The complexity and chaos of modern health care ensure that the system is constantly at risk of avoidable errors, which cause iatrogenic illness, injury and disability. This continuing threat has spawned a variety of international responses, driven either by a sense of urgency at one end, or by a “softly, softly” approach at the other.
The electrifying US report To err is human: building a safer health system galvanised public opinion with its revelation that 100 000 Americans die each year because of medical errors. This seminal report was quickly followed by a purposeful blueprint for reform — Crossing the quality chasm: a new health system for the 21st century.
* Kmietowicz Z. Simplify patient incident reporting, says CMO. BMJ 2007; 334: 12.
Similarly, British politicians were recently dismayed at the vagueness and bureaucratic obfuscation of the National Patient Safety Agency in responding to the question of how many people die in the United Kingdom from medical errors each year. Failure to produce this information saw heads roll. The UK’s Chief Medical Officer, in ordering a shake-up of the services responsible for patient safety, demanded that “more needs to be done to accelerate the pace of change in this area”.*
Meanwhile, our initial national response — the Australian Council for Safety and Quality in Health Care of 2000 — has since morphed into the Australian Commission on Safety and Quality in Health Care in 2006. We have also witnessed various safety and quality clones appearing in different jurisdictions.

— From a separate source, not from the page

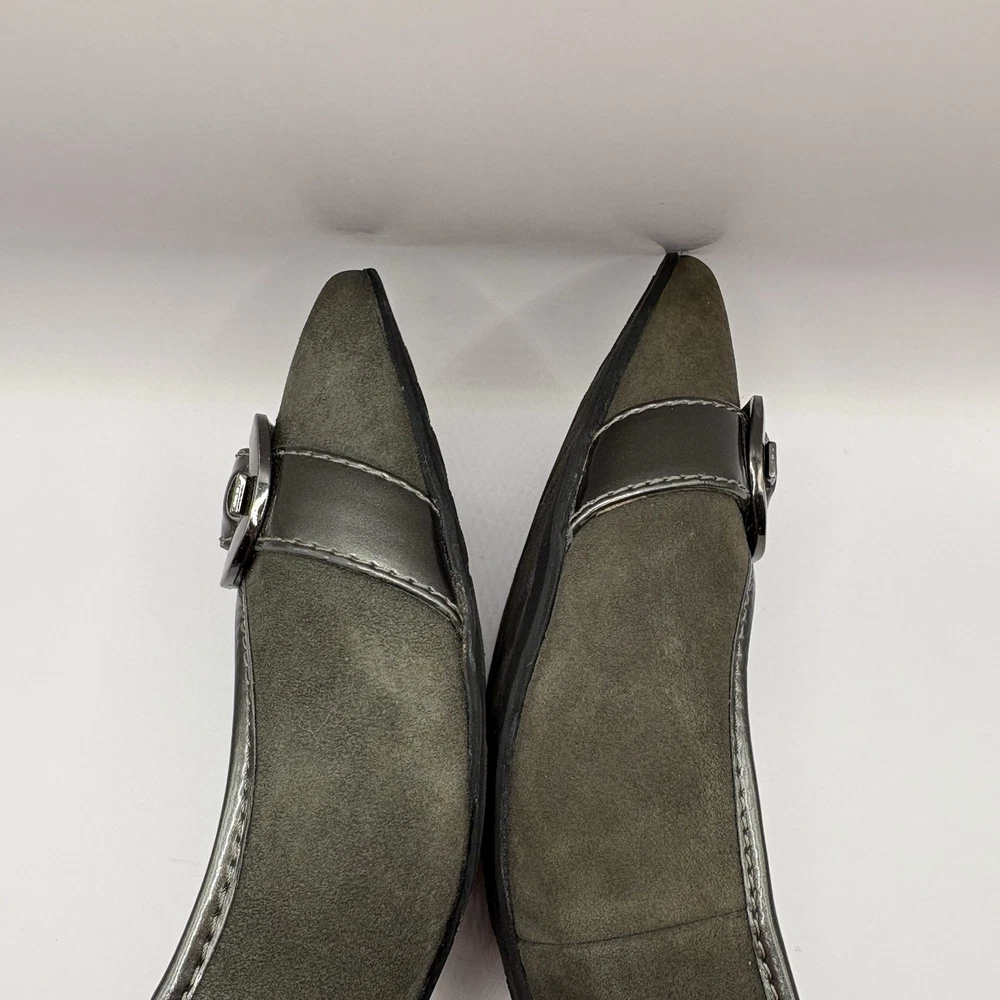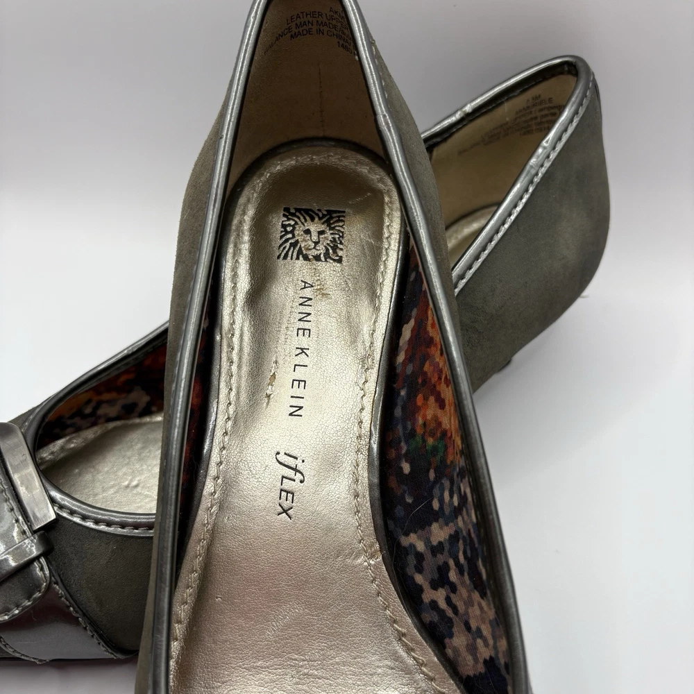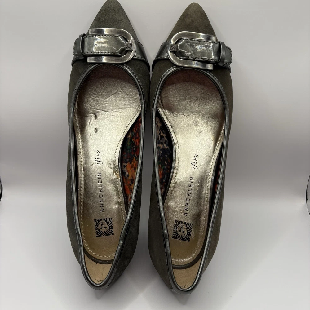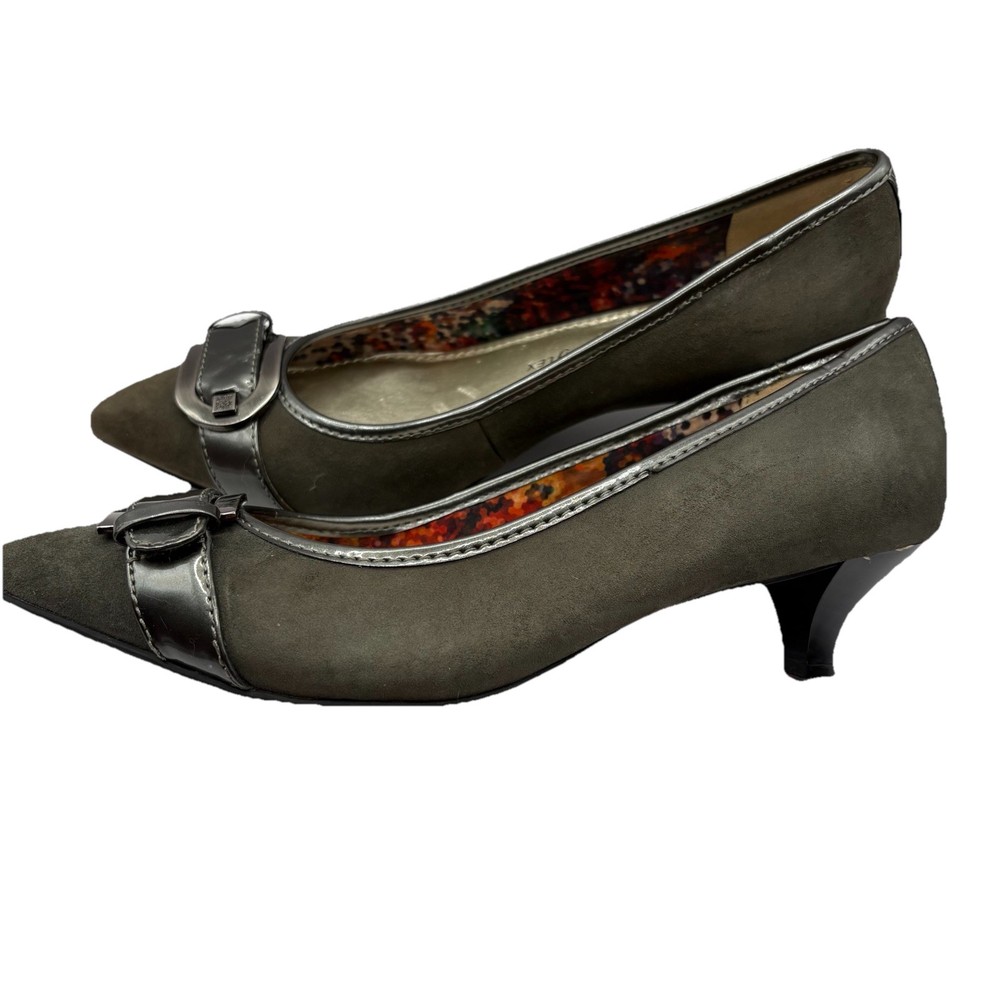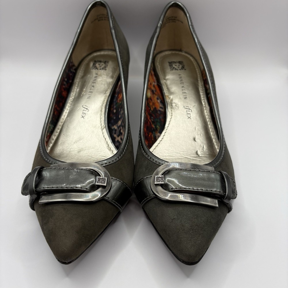 Heel Height: Low (1-1.9 in) Occasion: Business, Workwear, Casual, Christening Brand: Anne Klein US Shoe Size: 7.5 Type: Heel Upper Material: Leather Color: Gray Department: Women Toe Shape: Pointed Toe Shoe Width: M Heel Style: Kitten Country of Origin: China Features: Buckle Style: Pump
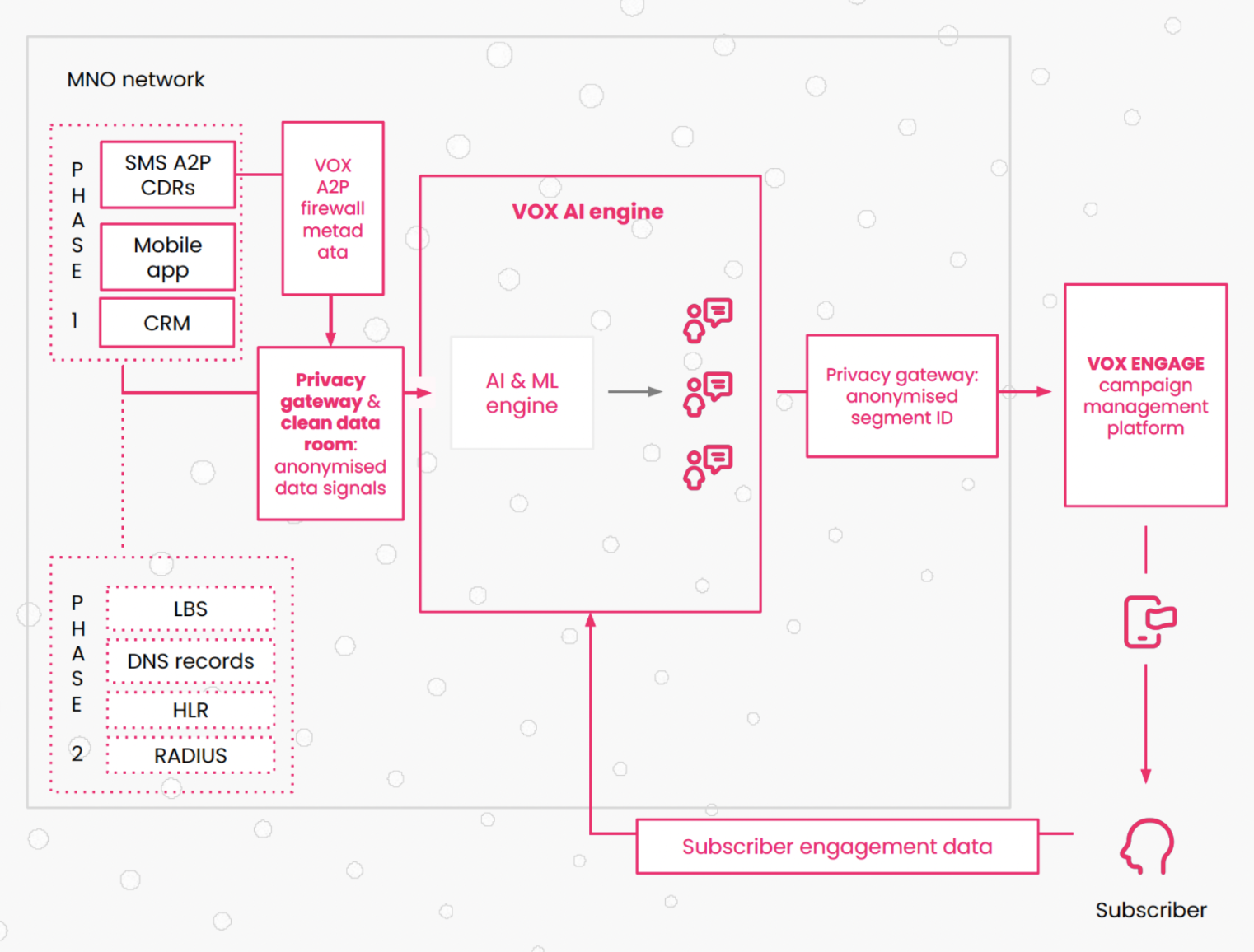 VOX Solutions deploys a Privacy Gateway directly within your infrastructure, and we hand you over the encryption keys. This ensures that while we monetize insights, your raw subscriber is always pseudonymised before analysis, and data never leaves your perimeter. We process data on-premise, anonymizing and tokenizing Personal Identifiable Information (PII) before it ever touches the advertising ecosystem.

Despite this flurry of seeming activity, we are yet to have a clear and concrete national enunciation or implementation of a comprehensive range of clinically relevant workplace safety indicators beyond sentinel events, or a timely reporting system for mishaps in safety. It appears that our safety and quality movement is more comfortable to “talk the talk” than “walk the walk”.
Where is our equivalent of the US “100 000 Lives” campaign? Where are our national core clinical safety indicators? Where is our effective national mandatory incident reporting and learning system for safety mishaps, or a contemporaneous outcome measurement system? Surely Australians deserve better than this!